━━━━━ Extracted entries ━━━━━

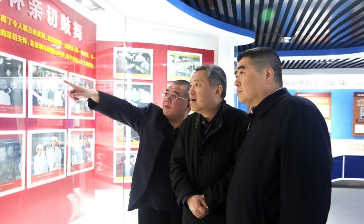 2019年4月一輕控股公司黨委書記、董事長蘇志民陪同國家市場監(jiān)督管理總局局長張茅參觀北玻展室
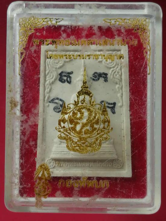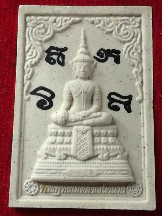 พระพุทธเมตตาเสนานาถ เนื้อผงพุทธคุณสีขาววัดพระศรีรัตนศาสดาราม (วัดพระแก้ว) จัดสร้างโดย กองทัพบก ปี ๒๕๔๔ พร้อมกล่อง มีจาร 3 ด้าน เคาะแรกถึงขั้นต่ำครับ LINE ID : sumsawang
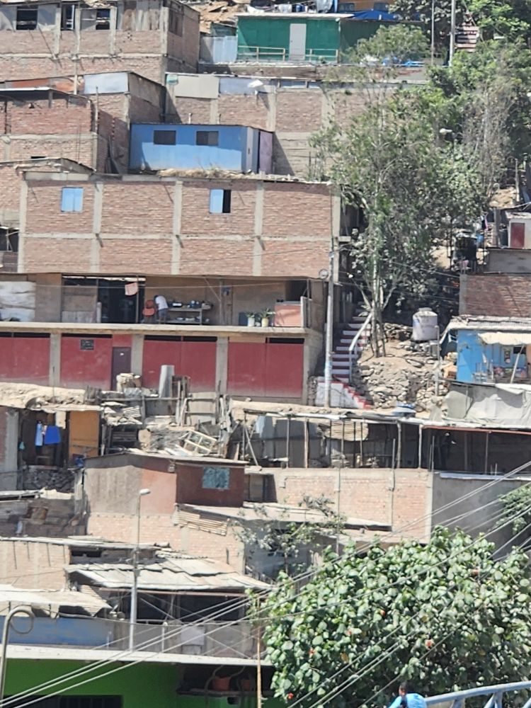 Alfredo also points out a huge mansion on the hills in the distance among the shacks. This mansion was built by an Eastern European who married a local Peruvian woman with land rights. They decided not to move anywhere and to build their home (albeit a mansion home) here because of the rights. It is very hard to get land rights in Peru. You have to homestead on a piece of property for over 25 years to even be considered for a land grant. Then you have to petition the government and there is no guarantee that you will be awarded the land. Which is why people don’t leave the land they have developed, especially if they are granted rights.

━━━━━
━━━━━ Extracted entries ━━━━━

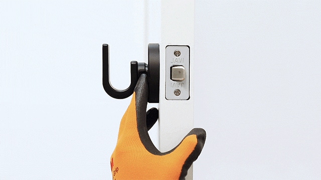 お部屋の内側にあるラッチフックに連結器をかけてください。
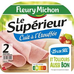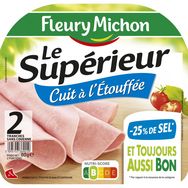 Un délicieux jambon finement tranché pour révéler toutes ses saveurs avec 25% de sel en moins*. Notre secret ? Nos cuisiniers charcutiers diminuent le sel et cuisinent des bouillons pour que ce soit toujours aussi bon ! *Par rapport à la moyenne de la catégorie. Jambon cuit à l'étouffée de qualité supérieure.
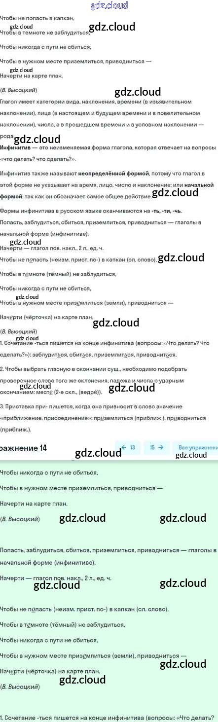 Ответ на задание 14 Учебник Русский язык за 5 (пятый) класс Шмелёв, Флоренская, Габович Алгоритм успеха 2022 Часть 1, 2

━━━━━

● What is expected
The data above holds the lines to copy: start at the one with "ID : sumsawang", stop at the one with "Alfredo also points", include both, copy them exactly without pictures, and copy nothing else.

● Written answer
 พระพุทธเมตตาเสนานาถ เนื้อผงพุทธคุณสีขาววัดพระศรีรัตนศาสดาราม (วัดพระแก้ว) จัดสร้างโดย กองทัพบก ปี ๒๕๔๔ พร้อมกล่อง มีจาร 3 ด้าน เคาะแรกถึงขั้นต่ำครับ LINE ID : sumsawang
 Alfredo also points out a huge mansion on the hills in the distance among the shacks. This mansion was built by an Eastern European who married a local Peruvian woman with land rights. They decided not to move anywhere and to build their home (albeit a mansion home) here because of the rights. It is very hard to get land rights in Peru. You have to homestead on a piece of property for over 25 years to even be considered for a land grant. Then you have to petition the government and there is no guarantee that you will be awarded the land. Which is why people don’t leave the land they have developed, especially if they are granted rights.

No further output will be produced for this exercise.